▶ **What to do**
Give all of the listing again word for word, with images excluded.

▶ **Source material**
------------------------------------------------------------

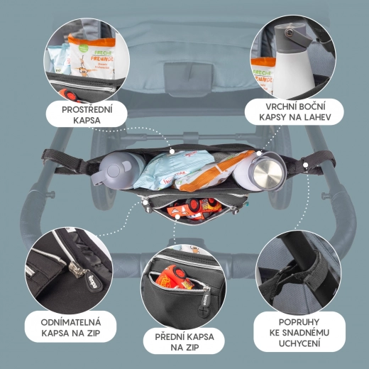 - Snadné upevnění: Upevňuje se pomocí páskům na suchý zip k většině kočárků.
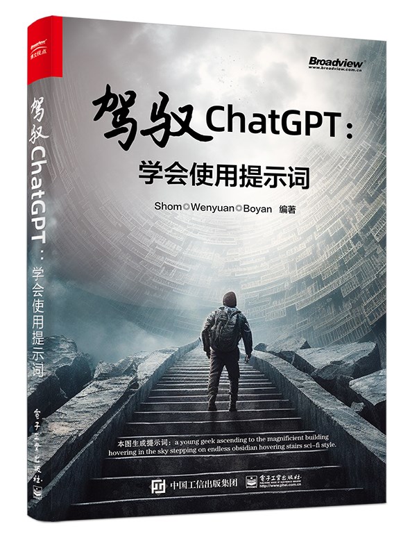 《驾驭ChatGPT:学会使用提示词》主要介绍了ChatGPT和AI作画提示词的写作技术,不仅包括如何利用角色扮演、具体翔实和举例提示等原则写出高效、有趣的提示词,以及如何将提示词应用于提升效率、创意思考和加速学习,还包括思维链技术、工具调用、程序调用、使用LangChain库构建应用等进阶内容。
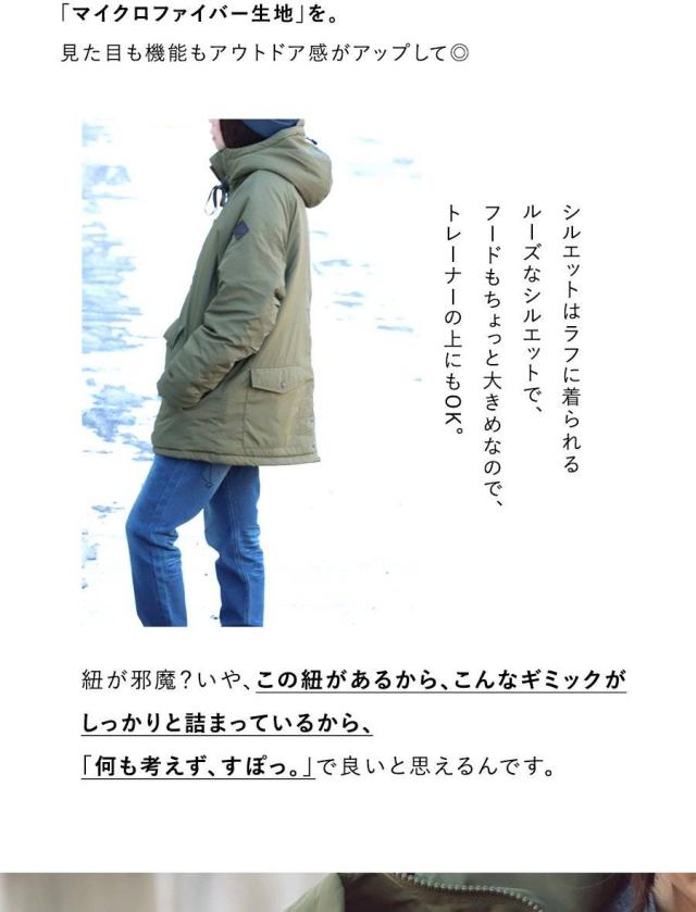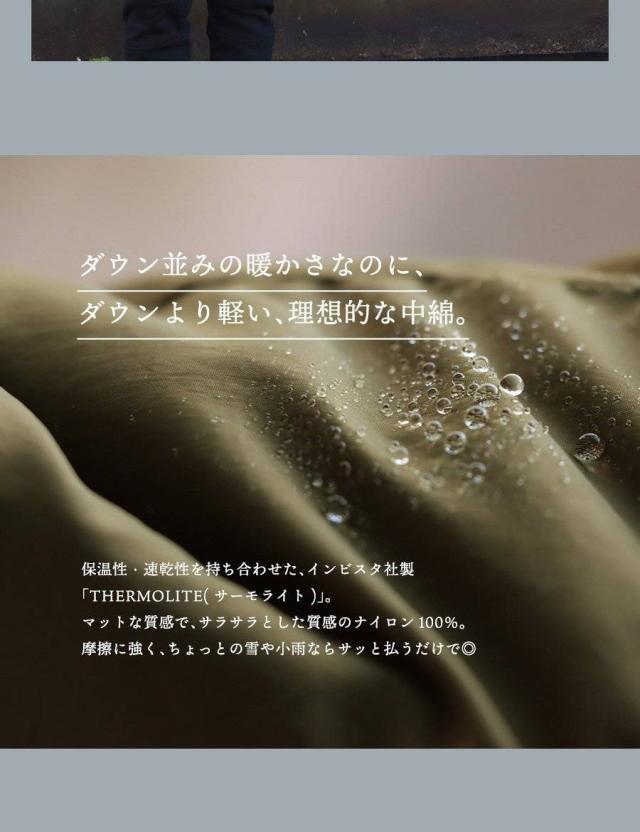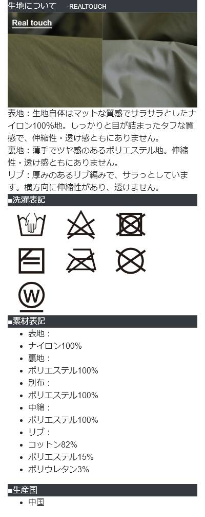 [素材]表地:ナイロン100% 裏地:ポリエステル100% 別布:ポリエステル100% 中綿:ポリエステル100% リブ:コットン82% ポリエステル15% ポリウレタン3%

------------------------------------------------------------

▶ **Answer to this exercise**
 - Snadné upevnění: Upevňuje se pomocí páskům na suchý zip k většině kočárků.
 《驾驭ChatGPT:学会使用提示词》主要介绍了ChatGPT和AI作画提示词的写作技术,不仅包括如何利用角色扮演、具体翔实和举例提示等原则写出高效、有趣的提示词,以及如何将提示词应用于提升效率、创意思考和加速学习,还包括思维链技术、工具调用、程序调用、使用LangChain库构建应用等进阶内容。
 [素材]表地:ナイロン100% 裏地:ポリエステル100% 別布:ポリエステル100% 中綿:ポリエステル100% リブ:コットン82% ポリエステル15% ポリウレタン3%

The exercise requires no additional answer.